▶ [Exercise data]
+++
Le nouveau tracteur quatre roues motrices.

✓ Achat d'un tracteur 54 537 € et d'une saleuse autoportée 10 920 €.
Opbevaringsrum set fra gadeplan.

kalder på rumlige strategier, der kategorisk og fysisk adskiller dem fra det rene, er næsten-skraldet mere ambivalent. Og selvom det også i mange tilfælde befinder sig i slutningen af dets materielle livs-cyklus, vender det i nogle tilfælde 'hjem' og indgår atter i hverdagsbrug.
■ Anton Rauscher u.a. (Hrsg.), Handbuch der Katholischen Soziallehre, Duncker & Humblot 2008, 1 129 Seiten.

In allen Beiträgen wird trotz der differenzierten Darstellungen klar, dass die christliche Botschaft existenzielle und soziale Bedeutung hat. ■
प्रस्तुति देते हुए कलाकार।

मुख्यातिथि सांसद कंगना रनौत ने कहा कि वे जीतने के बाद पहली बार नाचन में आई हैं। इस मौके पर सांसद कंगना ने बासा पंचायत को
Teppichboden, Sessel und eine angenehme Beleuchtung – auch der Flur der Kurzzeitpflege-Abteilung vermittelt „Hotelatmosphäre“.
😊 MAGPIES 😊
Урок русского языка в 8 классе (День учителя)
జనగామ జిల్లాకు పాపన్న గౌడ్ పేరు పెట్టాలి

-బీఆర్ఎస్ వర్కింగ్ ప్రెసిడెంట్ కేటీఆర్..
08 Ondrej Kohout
+++
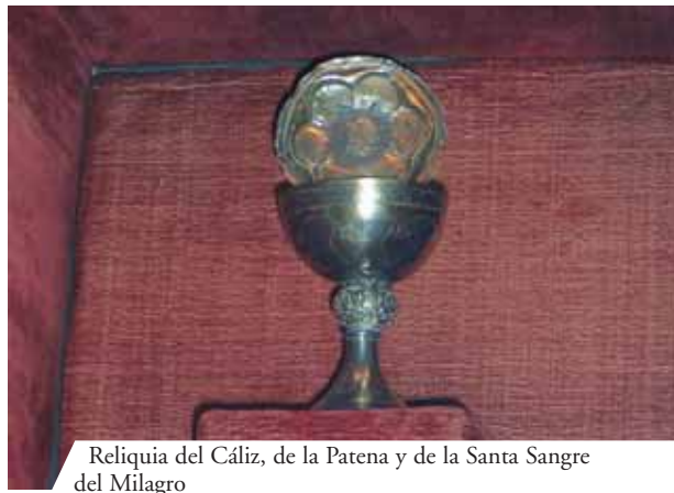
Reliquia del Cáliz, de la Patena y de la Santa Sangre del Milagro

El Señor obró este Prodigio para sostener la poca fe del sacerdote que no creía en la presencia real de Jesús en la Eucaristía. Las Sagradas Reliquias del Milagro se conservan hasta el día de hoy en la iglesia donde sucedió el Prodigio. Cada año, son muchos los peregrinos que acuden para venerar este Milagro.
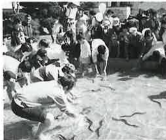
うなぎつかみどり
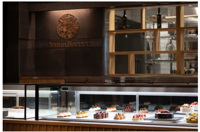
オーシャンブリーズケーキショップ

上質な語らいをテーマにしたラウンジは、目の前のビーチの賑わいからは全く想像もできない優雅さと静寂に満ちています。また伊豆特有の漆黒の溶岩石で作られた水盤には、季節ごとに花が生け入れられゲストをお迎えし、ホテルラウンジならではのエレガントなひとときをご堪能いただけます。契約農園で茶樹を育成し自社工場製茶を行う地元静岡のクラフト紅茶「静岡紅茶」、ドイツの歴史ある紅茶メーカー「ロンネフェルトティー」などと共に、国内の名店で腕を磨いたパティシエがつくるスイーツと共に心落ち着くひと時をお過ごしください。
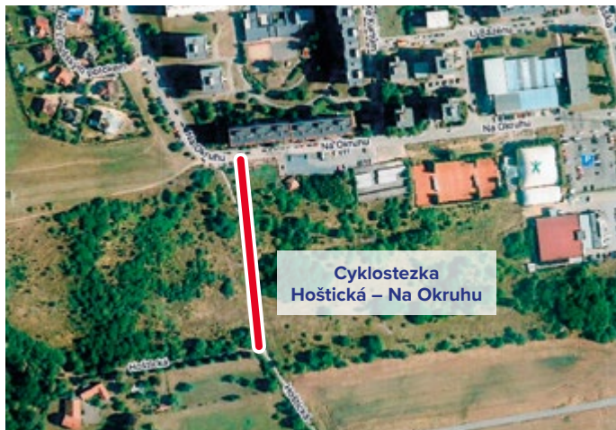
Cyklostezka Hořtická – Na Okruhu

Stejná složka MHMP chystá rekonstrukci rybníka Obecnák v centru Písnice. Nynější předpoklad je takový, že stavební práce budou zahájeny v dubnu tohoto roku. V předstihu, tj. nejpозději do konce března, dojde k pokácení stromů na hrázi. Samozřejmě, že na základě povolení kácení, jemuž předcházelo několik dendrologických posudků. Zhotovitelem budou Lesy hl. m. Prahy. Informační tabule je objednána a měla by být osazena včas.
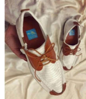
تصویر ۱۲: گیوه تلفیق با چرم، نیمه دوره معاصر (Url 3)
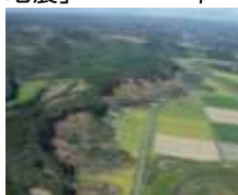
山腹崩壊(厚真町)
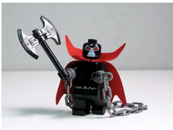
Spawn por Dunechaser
+++
▶ [Exercise objective] Print, exactly and with no pictures, the lines of the listing above starting at the one that has "Cyklostezka Hořtická – Na Okruhu" and ending at the one that has "Spawn por Dunechaser", both included.

▶ [Response area]
Cyklostezka Hořtická – Na Okruhu

Stejná složka MHMP chystá rekonstrukci rybníka Obecnák v centru Písnice. Nynější předpoklad je takový, že stavební práce budou zahájeny v dubnu tohoto roku. V předstihu, tj. nejpозději do konce března, dojde k pokácení stromů na hrázi. Samozřejmě, že na základě povolení kácení, jemuž předcházelo několik dendrologických posudků. Zhotovitelem budou Lesy hl. m. Prahy. Informační tabule je objednána a měla by být osazena včas.
تصویر ۱۲: گیوه تلفیق با چرم، نیمه دوره معاصر (Url 3)
山腹崩壊(厚真町)
Spawn por Dunechaser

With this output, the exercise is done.